Michael Tome Business Reporter
Cable manufacturer CAFCA says it is optimistic that its business will remain buoyant in 2022 driven by strong improved demand.
CAFCA has projected the demand for its product to grow by 3,85 percent to 2 700 tonnes from the 2600 tonnes in the prior comparable period.
The company said it was well positioned to meet the anticipated demand, given it already had a stock cover of three months in finished goods, which leaves the company way ahead in terms of requirement from the market.
Stocked finished products act as a hedging strategy particularly considering the inflationary environment prevailing in the country.
CAFCA also said it had secured loans and overdraft facilities amounting to $320 million, which have the potential to improve the company’s financial position to execute some of its operations. Company secretary, Caroline Kangara said the company had put adequate resources in place to match the anticipated volume growth this year. She, however, acknowledged the mounting pressure to consolidate market share in the region as competitors’ numbers and volumes continue to grow.
“The company’s management believes that despite Covid 19 the business will remain in operation for the foreseeable future. The company will continue operating as a going concern as demand for cable has remained firm with sales volumes projected to increase to 2700 tonnes from 2600 tonnes in the ensuing way.

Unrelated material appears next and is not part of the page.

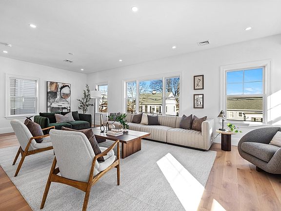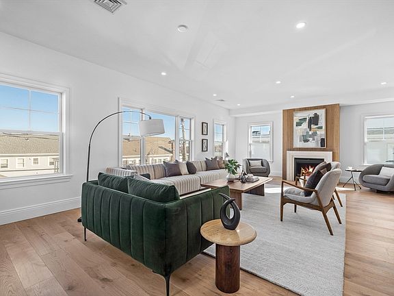 Ground up new construction, 4 bedroom, 3 bath penthouse featuring off street parking, 2 private decks, oversized windows, abundant natural light, and sweeping views from this elevated location. This home has been thoughtfully designed to include an expansive open concept floor plan with a 500sf living room boasting custom gas fireplace, sunlit dining area with wet bar, walk out deck, and a chef’s kitchen equipped with double convection smart oven, commercial-style gas rangetop, 1000 CFM range hood, pantry closet, and a 10 foot quartz island. Two large closets and a bright guest bedroom suite complete the main living level. The upper level offers two guest bedrooms alongside a modern bath, linen closet, LG smart washer & dryer, and a master suite complete with a spacious walk-in closet and southwest-facing deck with skyline views. Enjoy the neighborhood vibe of Ten Hills while living just a few blocks from Assembly Row, the Orange Line, miles of green space, and multi-point transit!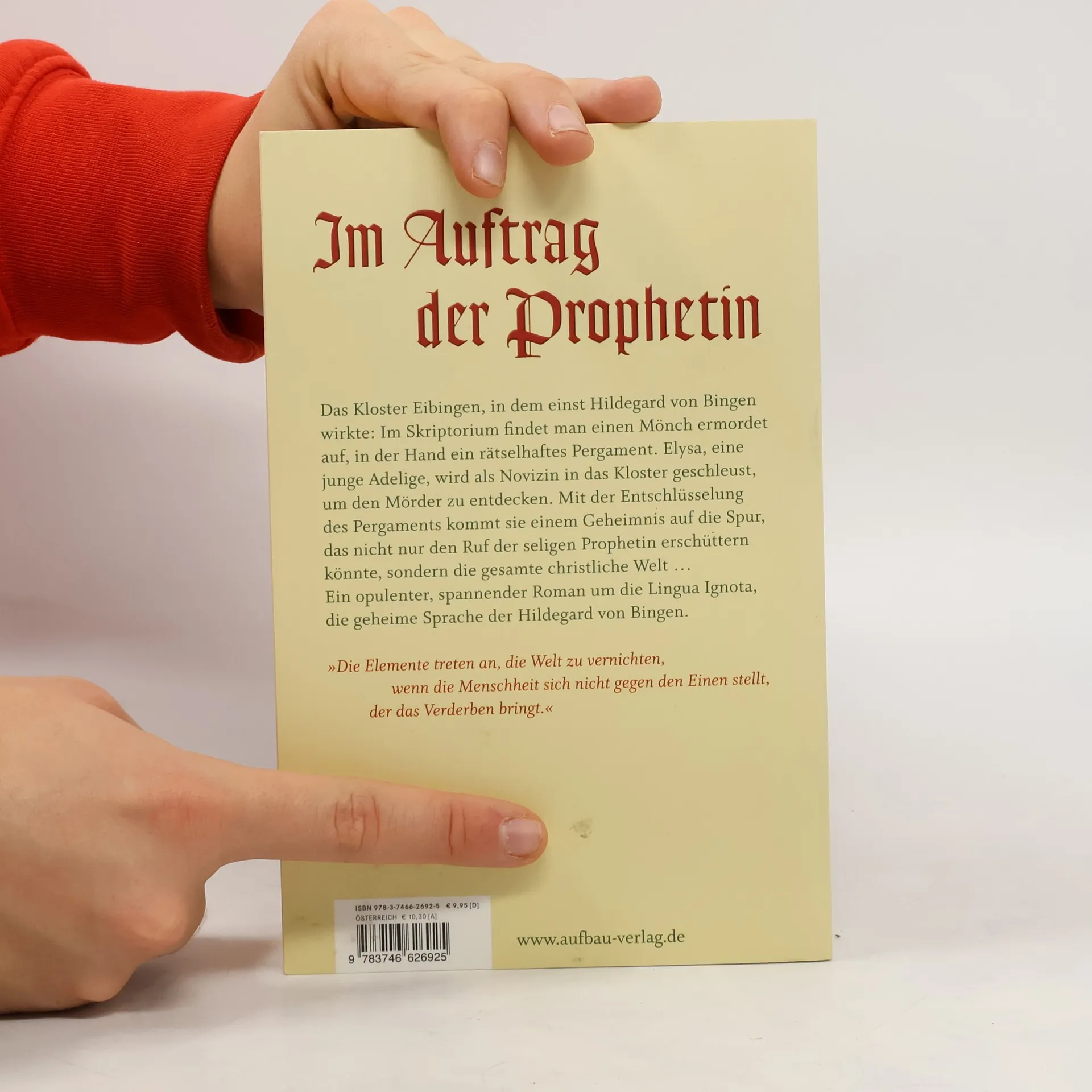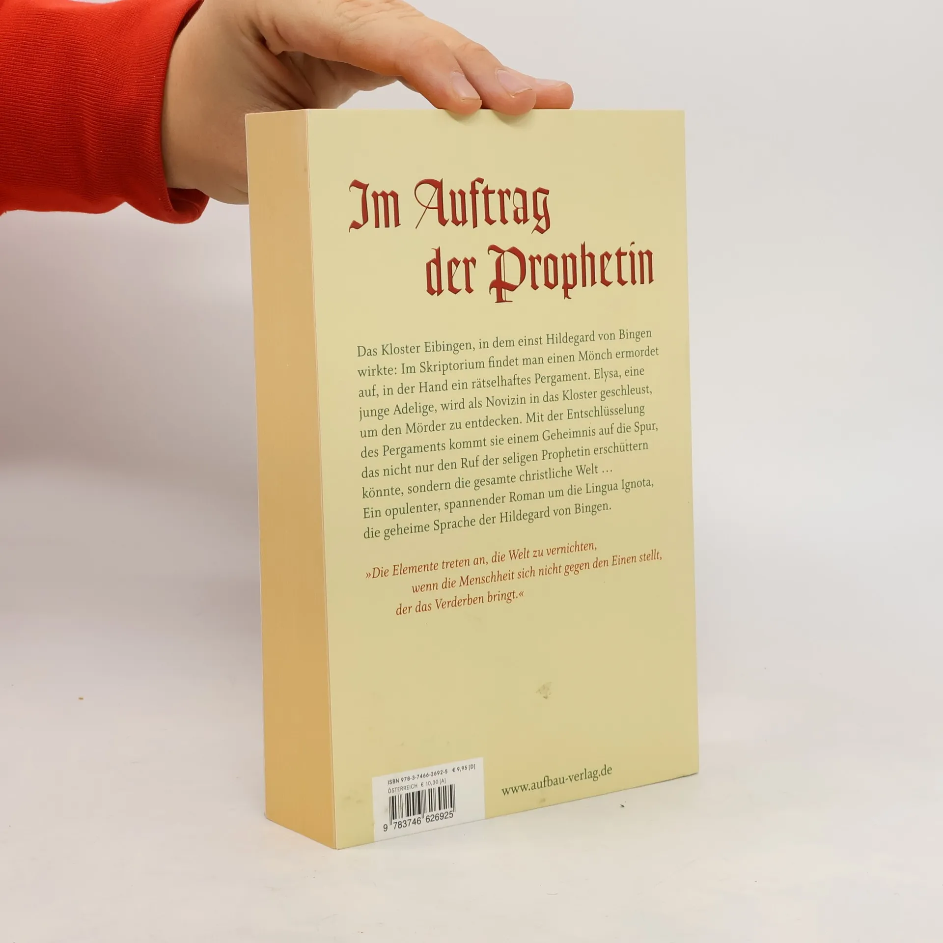 Im Auftrag der Prophetin§§Das Kloster Eibingen, in dem einst Hildegard von Bingen wirkte: Im Skriptorium findet man einen Mönch ermordet auf, in der Hand ein rätselhaftes Pergament. Elysa, eine junge Adelige, wird als Novizin in das Kloster geschleust, um den Mörder zu entdecken. Mit der Entschlüsselung des Pergaments kommt sie einem Geheimnis auf die Spur, das nicht nur den Ruf der seligen Prophetin erschüttern könnte, sondern die gesamte christliche Welt ...§§Ein opulenter, spannender Roman um die Lingua Ignota, die geheime Sprache der Hildegard von Bingen.§§'Die Elemente treten an, die Welt zu vernichten, wenn die Menschheit sich nicht gegen den Einen stellt, der das Verderben bringt.'

“We have budgeted for a modest increase in volumes in 2021/22 against a background of uncertainty in the foreign currency availability and pricing as well as the impact of increased competition in our regional markets,” said Ms Kangara. In spite of the negative effects brought by the Covid-19 pandemic, the company has promised to take advantage of prospects that may arise in either the local or export markets through the adoption of adequate mitigating strategies against the challenging local economic environment as part of its future strategy.
CAFCA’s primary markets are in Southern and Central Africa, although it has an export footprint that stretches into the European Union (EU) and Russia.
About 95,8 percent of CAFCA’s produce in 2021 was consumed locally while the balance went to export markets.
Despite challenges presented by the Covid-19 induced lockdowns, CAFCA said it was happy critical raw materials were still shipped without much interruption.
The Zimbabwe Stock Exchange-listed company manufactures and supplies cables and allied products for the transmission and distribution of electrical energy and telecommunications. It also manufactures over 900 cabling products to British and South African markets including 11KV XLPE cables.
CAFCA Limited also recovers decommissioned cables for recycling and supplies telecommunication cables ranging from indoor to underground as well as aerial self-supporting cables.
Established in 1947, CAFCA is a subsidiary of CBi Electric African Cables (South Africa) which is owned by Reunert Limited (South Africa).